■ Work order ■
From the material below, retype exactly the lines that begin at the line with "This interactive 30-minute" and end after the line with "Пловдив - 2:0"; pictures stay out of the copy.

■ Material provided ■
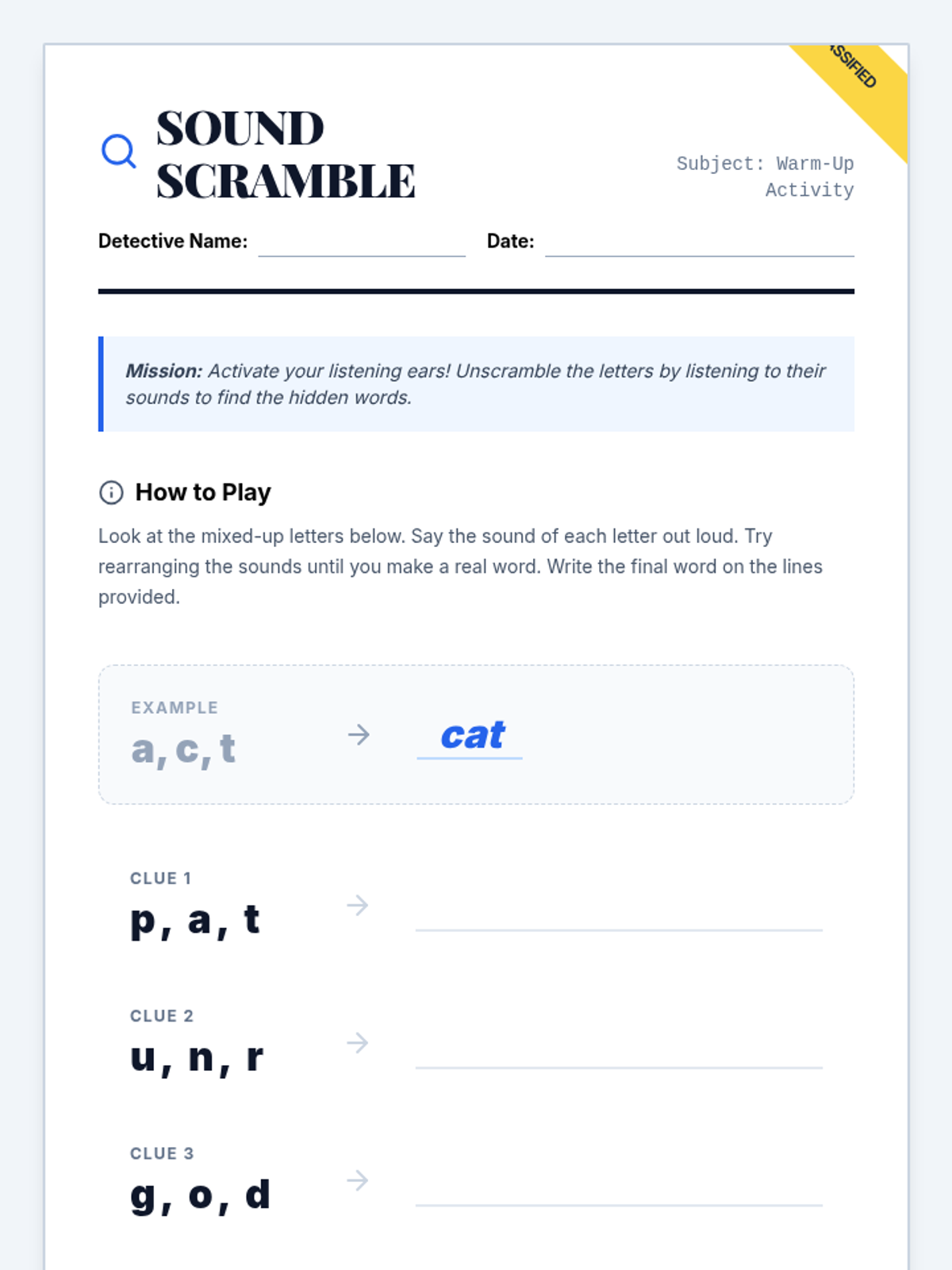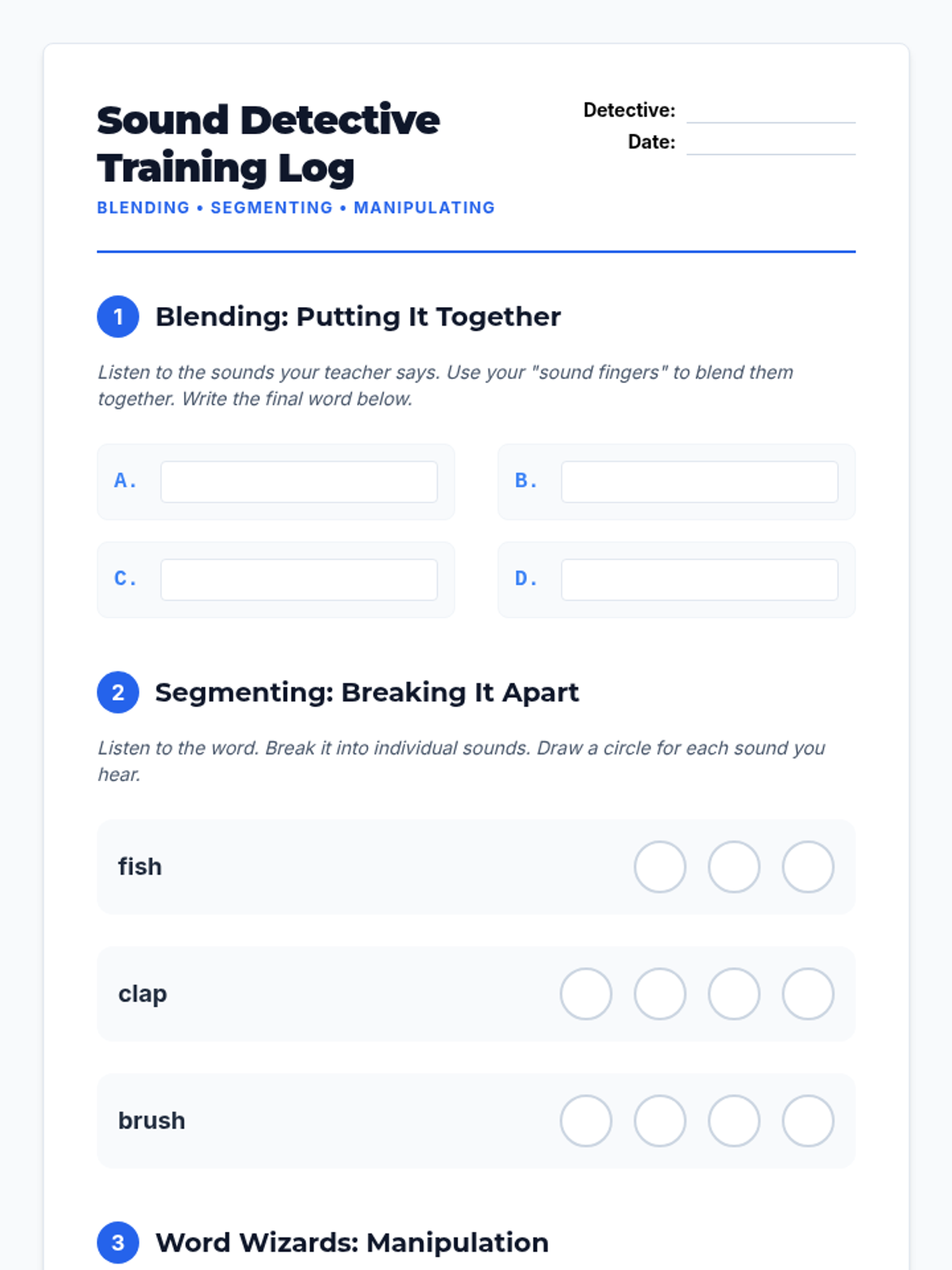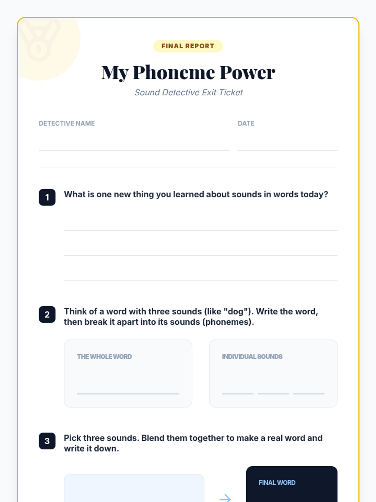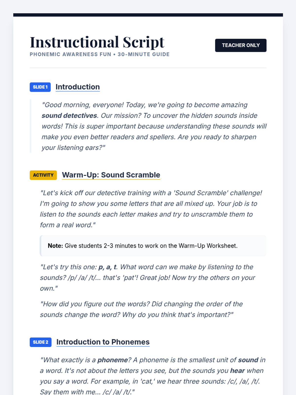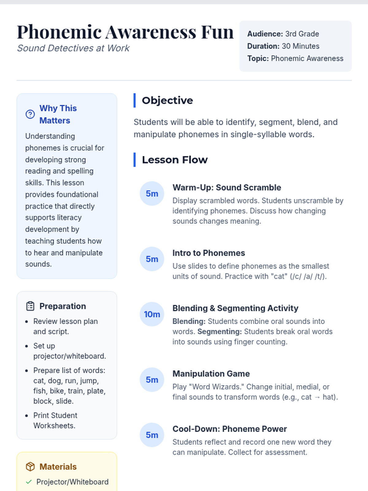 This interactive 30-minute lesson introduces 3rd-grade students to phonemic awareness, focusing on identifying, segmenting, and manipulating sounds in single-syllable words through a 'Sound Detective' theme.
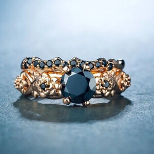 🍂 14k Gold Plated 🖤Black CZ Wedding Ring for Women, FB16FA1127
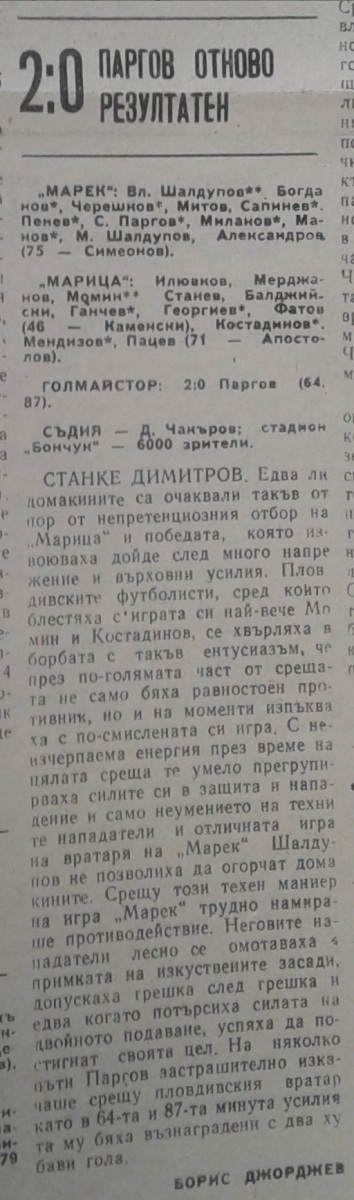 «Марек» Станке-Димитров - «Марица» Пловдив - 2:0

---

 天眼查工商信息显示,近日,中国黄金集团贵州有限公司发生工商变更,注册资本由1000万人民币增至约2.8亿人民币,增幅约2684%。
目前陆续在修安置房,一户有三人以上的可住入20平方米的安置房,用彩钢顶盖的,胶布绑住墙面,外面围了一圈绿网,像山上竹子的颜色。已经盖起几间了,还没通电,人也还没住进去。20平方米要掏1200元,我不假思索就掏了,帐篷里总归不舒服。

■ Result ■
 This interactive 30-minute lesson introduces 3rd-grade students to phonemic awareness, focusing on identifying, segmenting, and manipulating sounds in single-syllable words through a 'Sound Detective' theme.
 🍂 14k Gold Plated 🖤Black CZ Wedding Ring for Women, FB16FA1127
 «Марек» Станке-Димитров - «Марица» Пловдив - 2:0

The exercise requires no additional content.